• THE TASK:
Repeat the listing word for word. Leave every picture out.
═══ DATA SEGMENT ═══
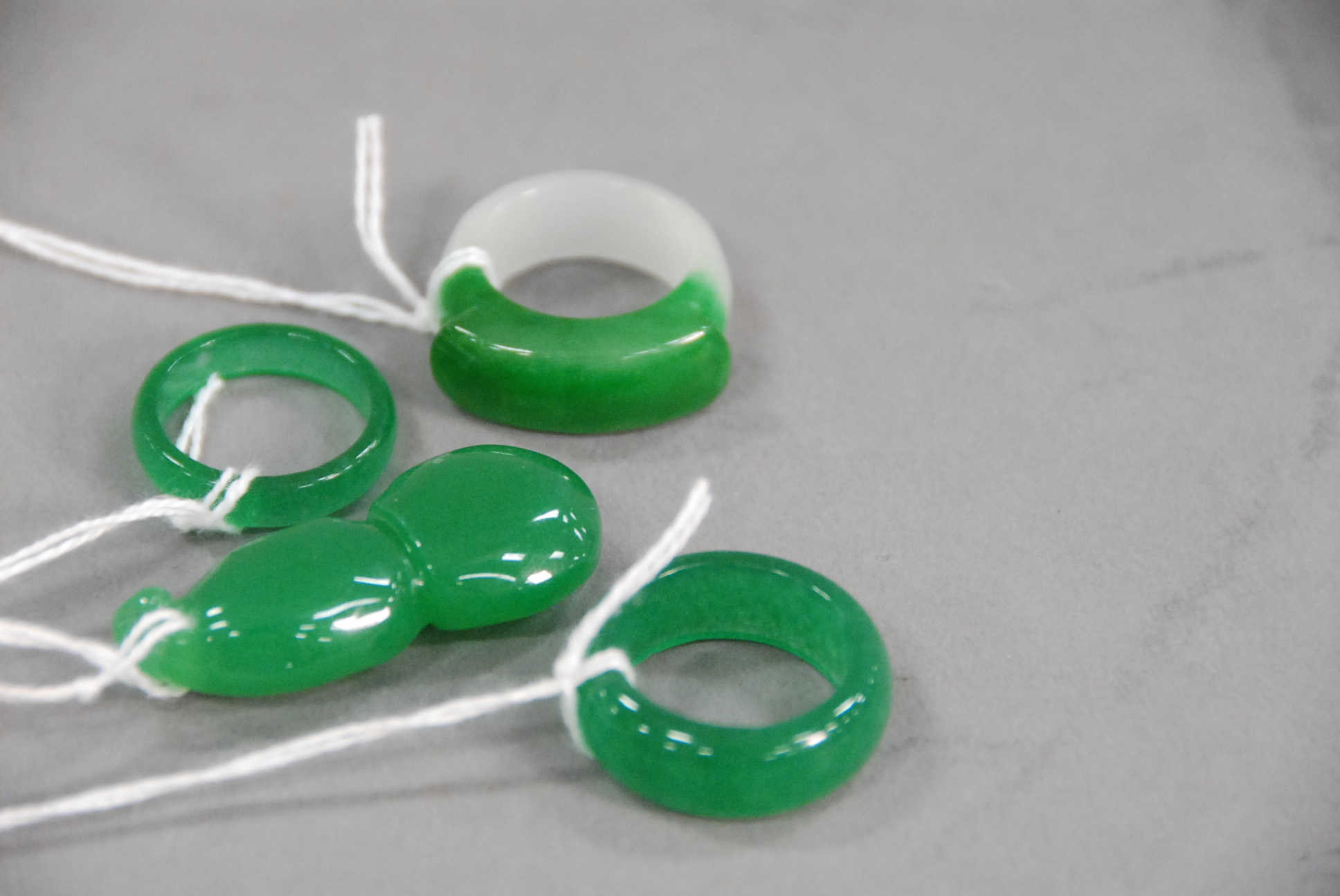 Three small jadeite rings and an eggplant form jadeite pendant.
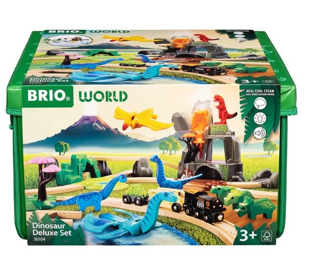 Explorati lumea preistorica a dinozaurilor cu acest set deluxe format din 44 de piese – complet cu figurine de dinozauri, multa joaca cu trenulete si un vulcan care erupe cu lumini, sunete si efecte de aburi.
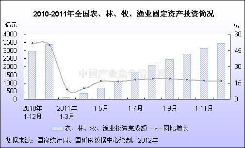 2011年全国农、林、牧、渔业固定资产投资增长较上年大幅回落。2011年1-12月,全国农、林、牧、渔业固定资产投资同比增长25%,较上年同期增幅扩大6.8个百分点,较同期全国各行业固定资产投资平均水平高出1.2个百分点。截至12月份,全国农、林、牧、渔业完成固定资产总额较上年同期增加2826.3亿元,达6792.4亿元,占同期全国城镇固定资产投资总额2.25%,该比重较上年同期上升0.61个百分点。农、林、牧、渔业生产受季节性影响较为明显,2011年前12个月,全国农、林、牧、渔业固定资产投资稳步增长,完成情况良好。
═══
• REPLY TO THE TASK:
 Three small jadeite rings and an eggplant form jadeite pendant.
 Explorati lumea preistorica a dinozaurilor cu acest set deluxe format din 44 de piese – complet cu figurine de dinozauri, multa joaca cu trenulete si un vulcan care erupe cu lumini, sunete si efecte de aburi.
 2011年全国农、林、牧、渔业固定资产投资增长较上年大幅回落。2011年1-12月,全国农、林、牧、渔业固定资产投资同比增长25%,较上年同期增幅扩大6.8个百分点,较同期全国各行业固定资产投资平均水平高出1.2个百分点。截至12月份,全国农、林、牧、渔业完成固定资产总额较上年同期增加2826.3亿元,达6792.4亿元,占同期全国城镇固定资产投资总额2.25%,该比重较上年同期上升0.61个百分点。农、林、牧、渔业生产受季节性影响较为明显,2011年前12个月,全国农、林、牧、渔业固定资产投资稳步增长,完成情况良好。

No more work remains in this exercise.